Doch in Sachen Grünraum ist der Jubel der kanadisch-amerikanischen Consulting-Agentur Resonance nur teilweise angebracht. „Mit 50 Prozent Grünfläche ist Wien bei der Flächenbilanz zwar gut, aber die Flächen sind sehr unterschiedlich verteilt“, sagt Lička. Nur der Stadtrand profitiert vom Wienerwald, der Lobau und dem Lainzer Tiergarten.
Ungleich verteilt
Trotz der beachtlichen Zahl von 990 städtischer Parks: Innerstädtisch beträgt der Grünraum nur zwischen zwei und 15 Prozent, in den westlichen Bezirken bis zu rund 70 Prozent. Doch selbst außerhalb des Gürtels, im dicht verbauten Rudolfsheim-Fünfhaus, liegt der Anteil an Grünfläche nur bei 8,5 Prozent. „Da hinkt die Stadt ihren eigenen Ansprüchen hinterher“, betont die Expertin.
„Solche Rankings arbeiten immer mit Kriterien, die für die ganze Stadt gelten“, meint auch Rudolf Scheuvens, Dekan der Fakultät für Architektur und Raumplanung an der TU Wien. Um Details gehe es da nicht.
Würde man nämlich genauer hinsehen, dann würde man bemerken, dass der Verkehr in Wien mehr Raum in Anspruch nehme als Spielflächen für Kinder, so Scheuvens.

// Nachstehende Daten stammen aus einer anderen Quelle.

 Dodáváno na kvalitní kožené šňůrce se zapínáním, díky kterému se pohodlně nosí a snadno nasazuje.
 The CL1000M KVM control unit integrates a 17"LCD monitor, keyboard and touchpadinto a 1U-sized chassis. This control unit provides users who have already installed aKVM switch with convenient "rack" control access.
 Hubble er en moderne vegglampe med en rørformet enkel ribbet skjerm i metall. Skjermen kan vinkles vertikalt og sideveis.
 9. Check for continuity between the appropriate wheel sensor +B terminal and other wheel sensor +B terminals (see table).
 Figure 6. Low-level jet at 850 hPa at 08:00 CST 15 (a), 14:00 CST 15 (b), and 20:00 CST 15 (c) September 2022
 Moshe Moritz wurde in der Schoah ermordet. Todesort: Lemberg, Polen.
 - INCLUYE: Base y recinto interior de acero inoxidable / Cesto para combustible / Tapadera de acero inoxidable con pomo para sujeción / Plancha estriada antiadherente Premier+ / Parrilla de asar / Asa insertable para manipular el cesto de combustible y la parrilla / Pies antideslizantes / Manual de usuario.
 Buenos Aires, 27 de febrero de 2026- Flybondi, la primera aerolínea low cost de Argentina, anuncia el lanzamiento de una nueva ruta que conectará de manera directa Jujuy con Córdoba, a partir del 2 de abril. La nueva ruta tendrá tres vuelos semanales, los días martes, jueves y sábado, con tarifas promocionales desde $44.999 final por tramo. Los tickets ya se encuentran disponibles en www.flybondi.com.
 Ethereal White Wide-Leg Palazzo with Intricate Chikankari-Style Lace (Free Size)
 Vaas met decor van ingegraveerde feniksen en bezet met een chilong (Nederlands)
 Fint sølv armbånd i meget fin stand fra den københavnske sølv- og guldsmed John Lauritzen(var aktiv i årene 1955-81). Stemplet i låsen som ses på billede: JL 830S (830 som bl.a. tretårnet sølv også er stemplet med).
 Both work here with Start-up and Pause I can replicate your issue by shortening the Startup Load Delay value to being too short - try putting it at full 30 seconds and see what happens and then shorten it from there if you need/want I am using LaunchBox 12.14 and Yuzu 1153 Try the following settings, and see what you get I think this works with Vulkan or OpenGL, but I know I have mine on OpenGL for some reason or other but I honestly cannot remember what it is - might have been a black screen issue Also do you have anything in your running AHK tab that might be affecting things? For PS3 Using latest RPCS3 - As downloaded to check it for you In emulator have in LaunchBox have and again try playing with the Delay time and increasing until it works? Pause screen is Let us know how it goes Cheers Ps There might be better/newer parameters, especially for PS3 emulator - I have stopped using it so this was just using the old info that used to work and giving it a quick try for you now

Rund 65 Prozent aller öffentlichen Flächen in der Stadt würden von Autos in Anspruch genommen. „Es gibt Handlungsbedarf“, ist er überzeugt. „Man müsste in den dicht besiedelten Gebieten mehr tun, also mehr Freiraum schaffen.“
Willkürliche Kriterien
Zudem werden Kriterien willkürlich ausgewählt. „Was überhaupt keine Rolle gespielt hat, sind etwa Straßenbäume“, meint Landschaftsarchitektin Lička. Die seien aber für das Stadtklima und eine echte „Green City“ wesentlich. Hier überholen Städte wie Kopenhagen, München und Rotterdam Wien um Längen.

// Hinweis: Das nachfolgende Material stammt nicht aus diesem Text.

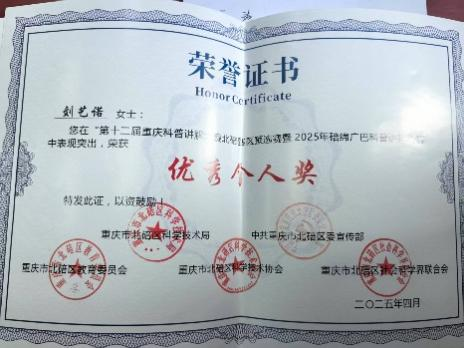 图7.推选刘艺诺和肖相睿参加北碚区科普讲解大赛并获奖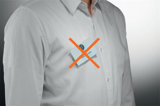 - špecifické zapínanie, ktoré zabraňuje otáčaniu, skĺznutiu alebo uvoľneniu menovky pri nosení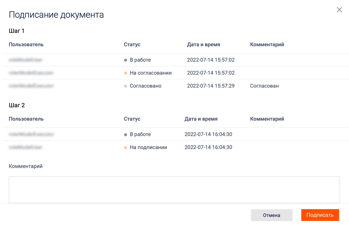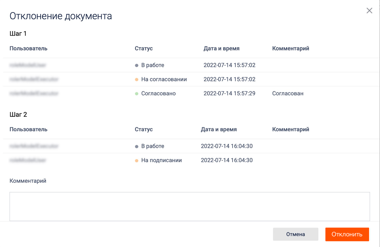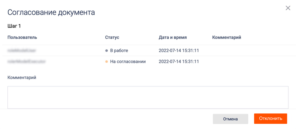 В открывшемся окне документ можно согласовать, отклонить, а также отменить маршрут согласования, воспользовавшись соответствующими кнопками, введя комментарий.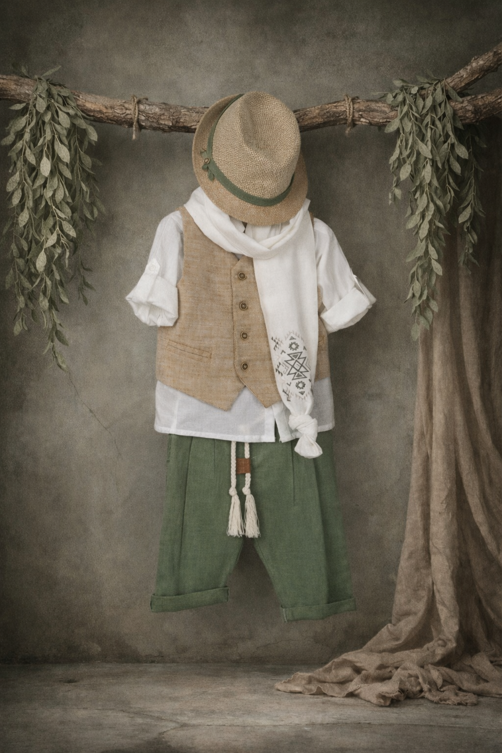 Classic and modern βαπτιστικό ρούχο. Αποτελείται από πράσινο λινό παντελόνι, εκρού βαμβακερό πουκάμισο και all-time classic μελί γιλέκο. Αξεσουάρ είναι το εκρού-ταμπά κορδόνι για ζώνη, το μελί καβούρι και το chic φουλάρι με κέντημα.

Auch in Sachen Fußgängerfreundlichkeit und Radverkehr gibt es laut Experten noch Luft nach oben. Letzterer liegt in Wien nur bei 7 Prozent, in Kopenhagen etwa bei 29 Prozent. „Der Radverkehr kommt in dem Ranking aber gar nicht vor.“
Worauf Lička hinauswill: „Die Perspektive ist hier der Immobilienmarkt.“ Tatsächlich: Wer sich in einer Stadt eine Wohnung kaufen will, mag es sauber, grün, mit guter Öffi-Anbindung und Nahversorgung
Dass Wien bei den verschiedensten Rankings gut abschneidet, ist für Scheuvens keine Überraschung: „Die Rankings beachten in der Regel die Lebensqualität.“ Also Grünraum, Wohnqualität, kulturelle Angebote, Öffis, die Verwaltung und das Image. Gerade Letzteres sei sehr gut und werde von der Stadt mittels Stadtmarketing gepflegt.
Dass sich die Stadt nun angesichts der guten Ergebnisse in die Hängematte legt, glauben die Experten nicht. Gerade in Sachen Fußgängerfreundlichkeit, Grünraumschaffung und Klimafreundlichkeit setze die Stadt viele Maßnahmen.
Damit Wien weiterhin in Sachen Lebensqualität abräumt.